Modifying the Solution for Heat Flow PDE Problem

[mrjeffy321]

I have got a heat flow partial differential equation problem that is giving me a little problem due to the direction the temperature is changing.

I have a bar (which lies along the X axis) which is initially at a uniform temperature which (for simplicity sake) we will call zero degrees.
At time, t, = 0 and onward one side of the bar is heated so that it is kept at a constant temperature of, say, 100 degrees.
I am asked to find the temperature of the bar as a function of the position, x, along the bar, and time t.

Setting up the heat flow equation, I have,
Del square u = 1/alpha * the first partial derivative of u with respect to time.
I can rearrange this and solve for a product solution of u(x, t) as X(x) * T(t). then separate out thr variables into two ordinary differential equations for X(x) and T(t) and get,
X’’ + k^2 * X = 0,
And,
T’ + (k*alpha)^2 * T = 0

The X equation is going to give me some sine and/or cosine solution, and the T equation should give me a exponential solution.

Solving for T,
T = A * e^-(K * alpha)^2 * t
Where A is just some constant.
I am ignoring the + exponent solution since this is non-physical, temperature cannot go to infinite as t goes to infinity.

But what worries me is that the equation does not satisfy the initial boundary conditions.

At t = 0, then entire rod should be at zero. And at t = infinite, the temperature of the rod should be some constant function of x (steady state solution when the two ends of the rod are held at different temperatures).
But my equation says that the temperature drops to zero as t goes to infinite and has some maximum value (A) when t = 0.

Clearly I need to modify my solution for T(t) so get it to show an increasing temperature which will approach some non-zero value.

 

[HallsofIvy]

At time, t, = 0 and onward one side of the bar is heated so that it is kept at a constant temperature of, say, 100 degrees.

Do you mean that one end, say x= 0, is kept at 0 degrees and the other at 100 degrees? And what is the length of the bar? I'll call it "L".
What happens is that your initial temperature distribution is not continuous. Since you'll be integrating to find the temperature function, that's not a problem.
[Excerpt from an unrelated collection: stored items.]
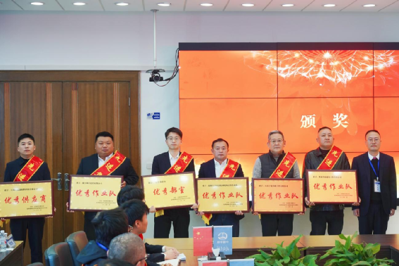 在“雙先”表彰會上,項目負責人宣讀項目部2025年度“雙先”表彰文件,對在年度生產攻堅突破、團隊配合協作、內控管理提升、后勤服務保障等各項工作中表現突出的6個“先進集體”和15名“先進個人”予以表彰并頒發獎牌及榮譽證書。表彰環節后,先進個人與先進集體代表先后登臺交流發言。會議強調,先進代表是項目建設的中堅力量與精神旗幟,全體參建員工要以先進為榜樣,主動汲取奮進力量,傳承務實擔當作風,在項目收官沖刺的關鍵階段凝心聚力、勇毅攻堅,共同推動項目建設再攀新高。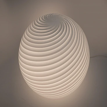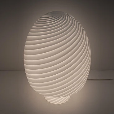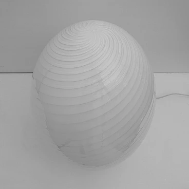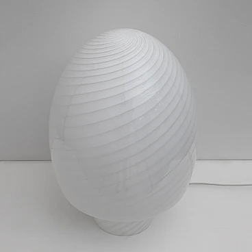 Murano mushroom lamp made with the vortex technique. The vortex is characterised by two colours of glass, grey and white, beautifully wrapped around the white glass base. Murano art glass is considered to be one of the most skilfully crafted art glasses in the world and is made with incredible detail. Murano mushroom lamps were originally made in the 1970s. This incredible lamp is made of mouth-blown art glass in its ‘mushroom’ shape. The lamp is in good condition. Wired for North America. Murano mushroom lamps are a unique classic made by the masters of Murano. They were originally made in the 1960s and 1970s.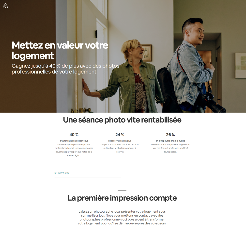 Cependant, il ne suffit pas de tirer du trafic du site Web de votre concurrent. Airbnb savait qu'il lui fallait une proposition de valeur unique, c'est pourquoi il en a proposé une. Les photos des annonces sur les sites Web concurrents étaient terribles. Les gens ne pouvaient pas voir ce qu'ils payaient et refusaient de réserver quoi que ce soit. Les propriétaires d'Airbnb ont loué un appareil photo et ont pris des photos de haute qualité du plus grand nombre d'appartements possible. Un mois après le début du test, les revenus ont doublé. Depuis, Airbnb propose des services photo professionnels aux hôtes.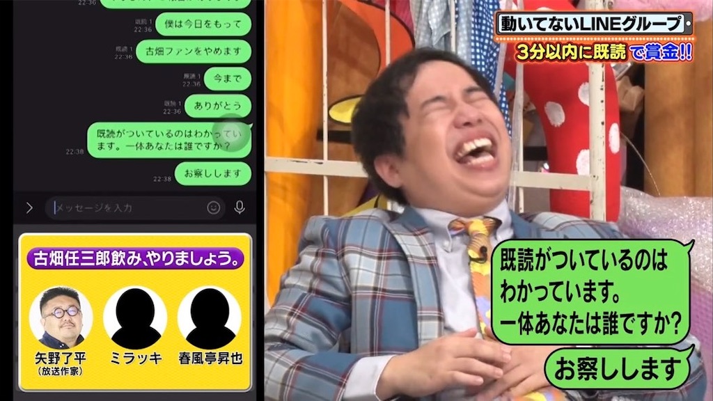 動いてないLINEグループに投稿して既読がつくか否かのチャレンジ企画。過去の投稿も「桐島かっ!?」というリアルタイム投稿も面白すぎた華丸、せいやの入ってる古畑LINEグループに突然のミラッキさん煽り→ファンやめます宣言→ヒコロヒーの怖い写真、など30分ずっと最高だった。職場の昼休みに笑い堪えながら観るんじゃなくて家で大笑いしながら観たかった。
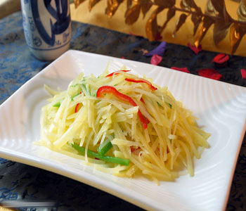4、熱鍋加花生油炒土豆絲,由于土豆絲有點(diǎn)難熟,所以加了少許水煮至八成熟,后裝起備用;

Calling the temperature \phi(x,t), you are solving
\frac{\partial^2 \phi}{\partial x^2} = \frac{1}{\alpha^2}\frac{\partial \phi}{\partial t}
with boundary conditions \phi (0,t)= 0, \phi(L,t)= 100 and initial condition \phi(x,0)= 0 if x is not L, \phi(L,0)= 100.

This may not be the way you were taught to do this but I would recommend subtracting of the function 100x/L for all t, which satisfies the boundary conditions. Since
\frac{\partial^2 (100x/L)}{\partial x^2}= 0[/itex] <br /> u(x,t)= \phi(x,t)- 100x/L satisfies the same differential equation as \phi(x,t), u(0,t)= u(L,t)= 0, and u(x,0)= -100x/L for x not equal to L, u(L,0)= 0. Since in integrating, the value at a single point is unimportant, you can ignore that last value. Now, it should be easy to solve the equation for X, determine the correct values for k and use that in the T equation.

 

[mrjeffy321]

Do you mean that one end, say x= 0, is kept at 0 degrees and the other at 100 degrees? And what is the length of the bar? I'll call it "L".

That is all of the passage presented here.